You probably already know the vernal equinox is the day when the sun rises exactly in the East and sets exactly in the West, so that daytime and nighttime are very nearly equal. The earth’s tilt on that day is 0º.

Now the wonky factor increases. You certainly know that we correct for minor flaws in the 365-day year by adding in a day to February every four years. So years divisible by 4 are leap years (in addition to being U.S. presidential election years – but let’s not go there today). What you might not know is that years divisible by 100 are not leap years. (Wait – most wonky coming right up.) So no February 29 in 1900 or 1800 or 1700. But if a year is divisible by 400, we get leap day back. That’s why we had one in 2000.
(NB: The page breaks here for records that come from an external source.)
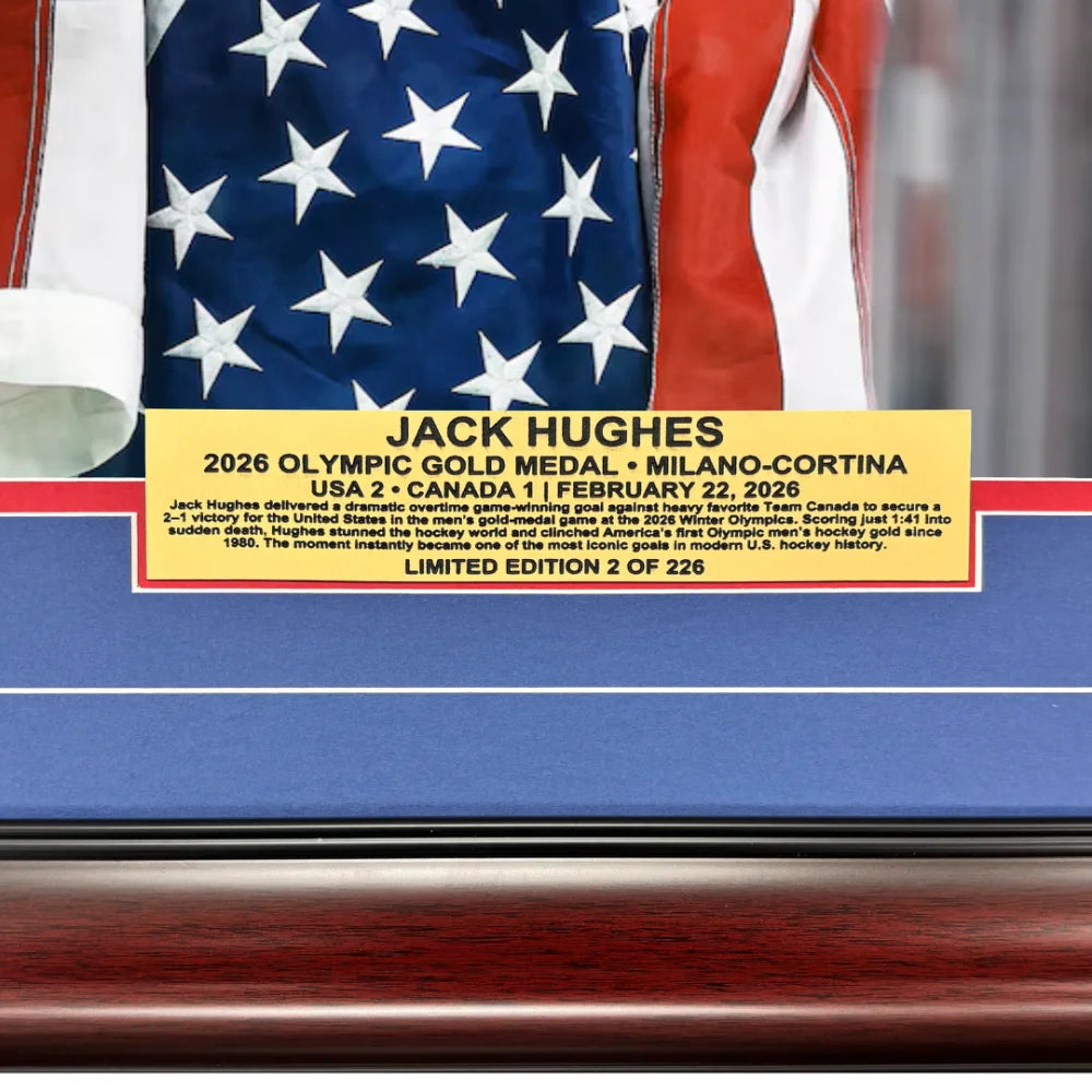 Jack Hughes Autographed 16x20 Photo Premium Framed ā 2026 Olympics Game Winner | Limited Edition /226 | Fanatics Authentic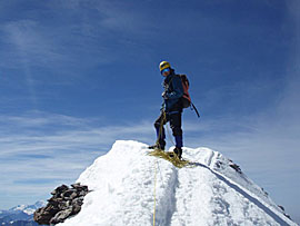 肩の少し上でまた岩稜になり、細い雪のコルを通過し、東壁側から回り込むようにして岩を登って稜線に上がった。すると、また雪稜となり白いロープが絶壁の下まで張ってあった。ここまで肩の上から3ピッチ。ロープ帯はグリップのいいゴム手袋を使って、ゴボウ3ピッチで登れた。その上は、また急な雪壁となったが、すでにステップが階段状になっていて安定していた。そんな斜面を、4ピッチ登ると山頂だった。聖者の像は、懸垂下降しようとする人たちが使っていて、最後、スタンディングアックスでを迎えた。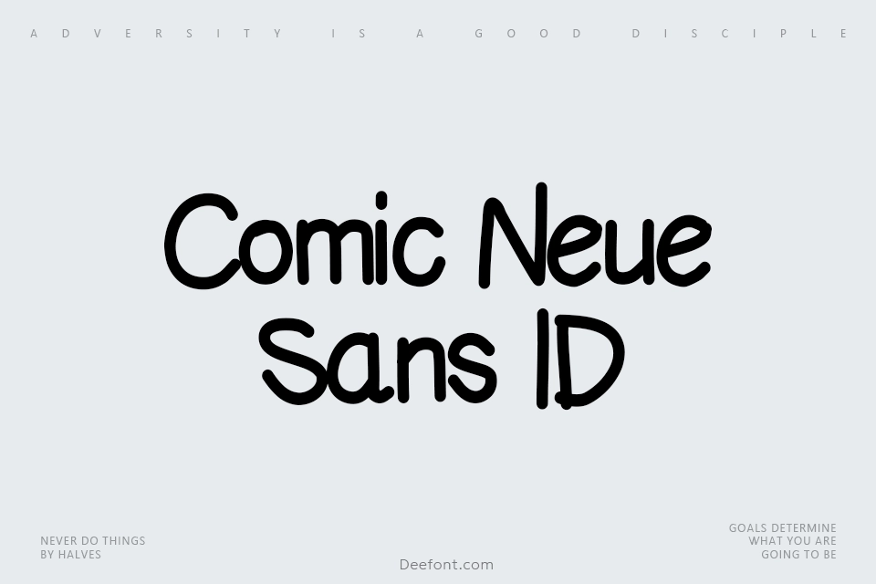 Comic Neue Sans ID is a playful and casual sans-serif typeface inspired by Comic Sans MS, redesigned to offer improved character forms while maintaining the lighthearted aesthetic. Created in 2013 using iFontMakerM, this font features a friendly, hand-drawn style perfect for cartoon, comic, and casual design projects. With 311 glyphs supporting multiple languages including accented characters, it brings charm and personality to any creative work, making it ideal for informal designs, children’s content, and whimsical typography applications.

The point here is that solstices and equinoxes do a little bit of creeping ahead throughout each century, and then at the end of the century, the loss of leap day adjusts for the creep by pushing them back. But we didn’t lose the leap day in 2000, so the equinox has kept up its 100-year-old crawl forward. In 1947, for example, the vernal equinox was at 5:12 a.m. on March 21.
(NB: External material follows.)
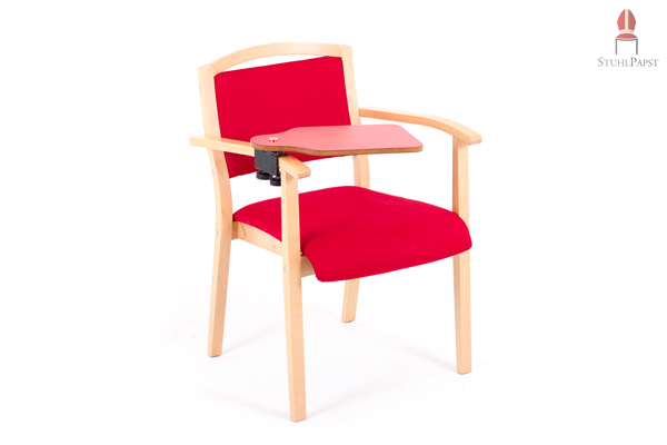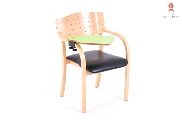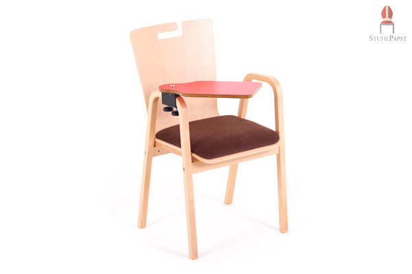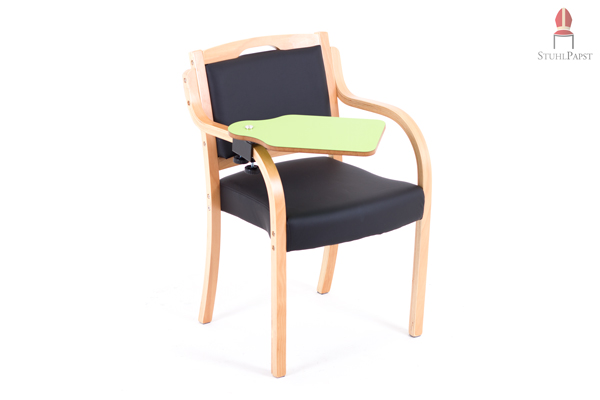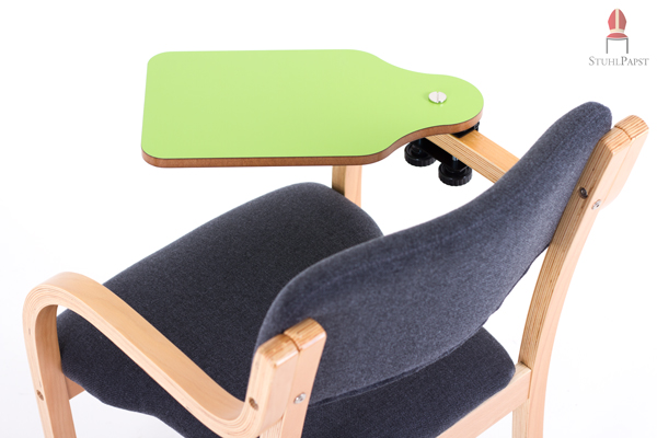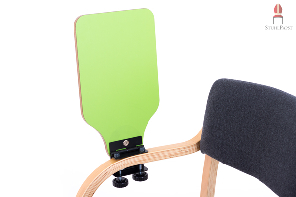 Sie haben einen Armlehnenstuhl und würden ihn gerne auch zum Schreiben einsetzen? Sie haben einen mit Armlehnenstuhl ausgestatteten Raum, den Sie kurzfristig für ein Seminar oder für einen Vortrag ausstatten wollen? Sie wollen einen bestuhlten Raum flexibel nutzen aber dafür nicht immer Tische hin- und herschieben? Mit unserer "Uni.versal Schreibplatte" haben Sie die ideale Ergänzung für Ihre Armlehnenstühle und können absolut flexibel arbeiten. Sie können Ihre Stühle kurzfristig und im Handumdrehen mit den "Uni.versal Schreibplatten" ausstatten und haben den optimalen Vortragsraum. Genauso einfach lassen sich die Schreibplatten wieder entfernen und im Raum stehen wieder Ihre komfortablen und entspannenden Armlehnenstühle. Die "Uni.versal Schreibplatte" ist damit nicht nur eine ideale Ergänzung für Ihre Armlehnenstühle, sie erweitert die praktischen Nutzungsmöglichkeiten der Stühle und damit Ihrer Einrichtung. Die Schreibplatte ist, einmal angebracht, absolut stabil und belastbar. Sie können bequem und mit ausreichend Platz auf ihr schreiben. Sie können, während Sie auf dem Stuhl sitzen, kleine Dinge auf der Schreibplatte ablegen. Die Platte kann so eingestellt werden, wie sie gebraucht wird. Wollen Sie aufstehen, wird die Platte einfach nach vorne gedreht.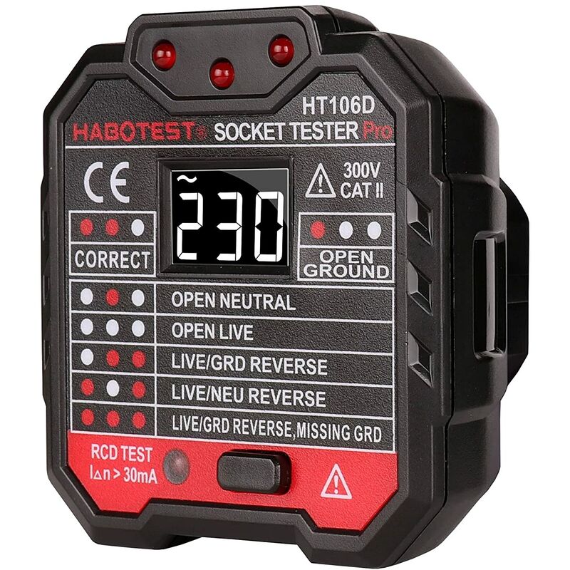 Tester per prese elettriche: tester per prese avanzato per rilevare rapidamente se la connessione del cavo della presa è corretta o meno. Puoi testare il sistema di protezione per garantire la sicurezza elettrica della casa. Perfetto per proteggere la tua sicurezza dal rischio di scosse elettriche. Display a LED luminoso: i modelli di luce sono ben etichettati sul retro del dispositivo. Gli indicatori LED rossi possono essere chiaramente illuminati anche alla luce diretta del sole. Il tester ha una luce incorporata quindi può essere utilizzato anche al buio, permettendoti di leggerlo rapidamente. Funzione DRC: questo tester elettrico testa i dispositivi RCD simulando la condizione di terra non collegata, che agisce sulle prese RCD e conferma il funzionamento del dispositivo di protezione di terra non collegato. Testa le prese standard cablate in parallelo alle prese RCD. Assicurati di utilizzare questa funzione su normali prese. Potrebbe far inciampare il cablaggio della casa. Design

This year, depending on your time zone, the first day of spring begins sometime on either Saturday, March 19th (today!), or Sunday, March 20th. For the Universal Time Coordinate (formerly called Greenwich Mean Time), spring begins at 4:30 a.m. on Sunday. For us here in Austin, it starts at 11:30 p.m. tonight, and for my New Jersey daughter-in-law, who has been counting the days since some time in January, the shift happens at 12:30 a.m. on Sunday.

The bottom line? This will be the earliest First Day of Spring since 1896. (And I want to thank the folks at, home of The Old Farmer’s Almanac, for all this great information.) Now, aren’t you glad you stopped by?

Citrus Delight

Another really great thing about March is that the season for citrus fruits is still happening. I was in my local fancy grocery store last week and was almost overcome with the fun variations on oranges, lemons, and limes there. Today’s collection includes Meyer lemons (thinner skinned and sweeter than regular lemons, and one of my all-time favorite dessert fruits), sweet limes (larger and thinner skinned than regular limes, and so mild you can eat the skin), and kumquats, which are completely new to me. But it’s my year of eating dangerously, so I decided to try them.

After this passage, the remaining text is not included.